Listed records START

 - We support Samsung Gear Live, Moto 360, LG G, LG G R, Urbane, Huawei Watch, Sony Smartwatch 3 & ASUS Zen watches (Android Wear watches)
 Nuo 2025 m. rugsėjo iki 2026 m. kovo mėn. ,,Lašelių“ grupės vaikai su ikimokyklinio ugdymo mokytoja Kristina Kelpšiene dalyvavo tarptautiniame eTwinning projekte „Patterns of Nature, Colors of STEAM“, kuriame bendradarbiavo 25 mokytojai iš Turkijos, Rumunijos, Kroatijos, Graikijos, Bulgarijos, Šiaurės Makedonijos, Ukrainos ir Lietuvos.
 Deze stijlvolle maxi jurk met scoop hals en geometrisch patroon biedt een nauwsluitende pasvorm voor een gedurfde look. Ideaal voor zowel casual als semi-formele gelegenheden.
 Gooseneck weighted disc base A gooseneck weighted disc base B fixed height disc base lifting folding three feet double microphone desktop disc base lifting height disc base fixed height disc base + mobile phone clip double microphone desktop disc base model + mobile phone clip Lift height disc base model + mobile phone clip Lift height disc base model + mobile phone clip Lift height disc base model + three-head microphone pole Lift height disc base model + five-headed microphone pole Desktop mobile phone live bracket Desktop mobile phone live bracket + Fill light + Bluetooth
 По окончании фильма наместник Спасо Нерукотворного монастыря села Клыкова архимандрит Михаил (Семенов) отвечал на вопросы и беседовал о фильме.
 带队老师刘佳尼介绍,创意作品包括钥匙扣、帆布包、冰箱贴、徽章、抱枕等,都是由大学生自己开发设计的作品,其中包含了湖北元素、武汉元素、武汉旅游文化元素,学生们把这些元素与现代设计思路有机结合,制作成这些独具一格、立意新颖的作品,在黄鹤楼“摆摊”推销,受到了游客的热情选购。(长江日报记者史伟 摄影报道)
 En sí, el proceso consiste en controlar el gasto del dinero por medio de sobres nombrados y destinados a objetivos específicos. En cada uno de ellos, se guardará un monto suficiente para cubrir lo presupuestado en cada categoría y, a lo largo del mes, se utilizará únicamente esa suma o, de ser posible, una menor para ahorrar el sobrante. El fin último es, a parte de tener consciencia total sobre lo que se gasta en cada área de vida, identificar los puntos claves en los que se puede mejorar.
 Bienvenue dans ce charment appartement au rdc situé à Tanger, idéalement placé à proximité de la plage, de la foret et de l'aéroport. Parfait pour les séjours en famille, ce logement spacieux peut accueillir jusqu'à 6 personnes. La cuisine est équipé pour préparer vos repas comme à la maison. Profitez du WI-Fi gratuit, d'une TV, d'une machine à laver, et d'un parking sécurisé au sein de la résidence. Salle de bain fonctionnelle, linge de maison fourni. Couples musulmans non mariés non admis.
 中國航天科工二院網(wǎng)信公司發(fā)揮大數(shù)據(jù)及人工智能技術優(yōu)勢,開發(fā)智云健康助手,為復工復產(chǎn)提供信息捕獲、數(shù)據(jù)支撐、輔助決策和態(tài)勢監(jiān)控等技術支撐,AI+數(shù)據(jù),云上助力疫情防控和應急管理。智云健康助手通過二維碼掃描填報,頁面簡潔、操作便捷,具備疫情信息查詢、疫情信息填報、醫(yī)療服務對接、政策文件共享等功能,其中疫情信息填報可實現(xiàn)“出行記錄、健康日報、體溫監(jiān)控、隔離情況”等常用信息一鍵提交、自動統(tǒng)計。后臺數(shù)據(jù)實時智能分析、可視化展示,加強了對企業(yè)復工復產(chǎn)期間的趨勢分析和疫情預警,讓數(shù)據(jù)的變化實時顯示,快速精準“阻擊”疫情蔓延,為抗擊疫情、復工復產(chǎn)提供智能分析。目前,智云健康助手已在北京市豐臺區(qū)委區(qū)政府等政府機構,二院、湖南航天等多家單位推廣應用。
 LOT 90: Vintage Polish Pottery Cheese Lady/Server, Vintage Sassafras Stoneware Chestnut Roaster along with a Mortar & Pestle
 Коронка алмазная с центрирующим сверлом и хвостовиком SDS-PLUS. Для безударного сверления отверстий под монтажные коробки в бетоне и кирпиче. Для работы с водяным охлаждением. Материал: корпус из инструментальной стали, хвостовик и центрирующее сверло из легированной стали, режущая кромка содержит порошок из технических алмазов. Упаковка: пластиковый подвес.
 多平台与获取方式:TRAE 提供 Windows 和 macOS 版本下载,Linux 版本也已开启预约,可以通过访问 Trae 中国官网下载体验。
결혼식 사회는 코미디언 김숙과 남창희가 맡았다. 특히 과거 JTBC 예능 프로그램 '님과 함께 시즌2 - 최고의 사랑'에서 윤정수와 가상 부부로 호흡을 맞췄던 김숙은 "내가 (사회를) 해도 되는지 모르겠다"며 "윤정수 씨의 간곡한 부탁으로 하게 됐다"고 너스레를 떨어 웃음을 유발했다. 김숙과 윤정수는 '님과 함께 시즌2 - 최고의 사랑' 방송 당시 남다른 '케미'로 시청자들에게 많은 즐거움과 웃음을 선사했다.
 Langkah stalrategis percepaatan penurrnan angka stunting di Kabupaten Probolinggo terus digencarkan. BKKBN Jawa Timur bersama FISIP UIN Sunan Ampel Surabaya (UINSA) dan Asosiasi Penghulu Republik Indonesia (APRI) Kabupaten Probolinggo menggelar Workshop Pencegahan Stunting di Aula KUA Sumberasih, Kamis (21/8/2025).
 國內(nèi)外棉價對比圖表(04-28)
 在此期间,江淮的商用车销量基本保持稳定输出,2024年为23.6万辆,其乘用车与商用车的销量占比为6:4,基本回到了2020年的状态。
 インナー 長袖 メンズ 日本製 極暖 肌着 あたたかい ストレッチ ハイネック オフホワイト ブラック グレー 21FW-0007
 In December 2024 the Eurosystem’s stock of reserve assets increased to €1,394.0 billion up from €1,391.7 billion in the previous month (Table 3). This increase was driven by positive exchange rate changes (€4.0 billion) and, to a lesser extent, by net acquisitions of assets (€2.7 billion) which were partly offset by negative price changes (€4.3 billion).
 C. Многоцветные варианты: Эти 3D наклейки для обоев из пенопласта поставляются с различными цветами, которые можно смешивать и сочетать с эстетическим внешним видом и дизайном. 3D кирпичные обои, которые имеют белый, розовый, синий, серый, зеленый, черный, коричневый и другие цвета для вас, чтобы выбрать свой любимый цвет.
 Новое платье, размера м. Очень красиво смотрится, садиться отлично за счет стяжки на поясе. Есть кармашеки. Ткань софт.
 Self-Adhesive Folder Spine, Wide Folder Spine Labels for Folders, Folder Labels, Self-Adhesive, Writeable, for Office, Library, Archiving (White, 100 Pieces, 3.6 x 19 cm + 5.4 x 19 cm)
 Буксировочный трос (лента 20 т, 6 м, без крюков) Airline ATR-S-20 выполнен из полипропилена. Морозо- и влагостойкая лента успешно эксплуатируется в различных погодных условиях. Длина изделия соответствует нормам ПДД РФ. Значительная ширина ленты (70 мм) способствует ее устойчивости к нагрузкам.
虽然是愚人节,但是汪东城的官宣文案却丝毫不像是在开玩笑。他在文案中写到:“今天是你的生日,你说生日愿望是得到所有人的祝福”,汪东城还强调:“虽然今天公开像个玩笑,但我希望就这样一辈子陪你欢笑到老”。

Listed records END

[How to complete this task] Can you repeat, word for word, every line above from the one containing "多平台与获取方式:TRAE 提供 Windows" down to the one containing "결혼식 사회는 코미디언", including both?

[Solved exercise]
 多平台与获取方式:TRAE 提供 Windows 和 macOS 版本下载,Linux 版本也已开启预约,可以通过访问 Trae 中国官网下载体验。
결혼식 사회는 코미디언 김숙과 남창희가 맡았다. 특히 과거 JTBC 예능 프로그램 '님과 함께 시즌2 - 최고의 사랑'에서 윤정수와 가상 부부로 호흡을 맞췄던 김숙은 "내가 (사회를) 해도 되는지 모르겠다"며 "윤정수 씨의 간곡한 부탁으로 하게 됐다"고 너스레를 떨어 웃음을 유발했다. 김숙과 윤정수는 '님과 함께 시즌2 - 최고의 사랑' 방송 당시 남다른 '케미'로 시청자들에게 많은 즐거움과 웃음을 선사했다.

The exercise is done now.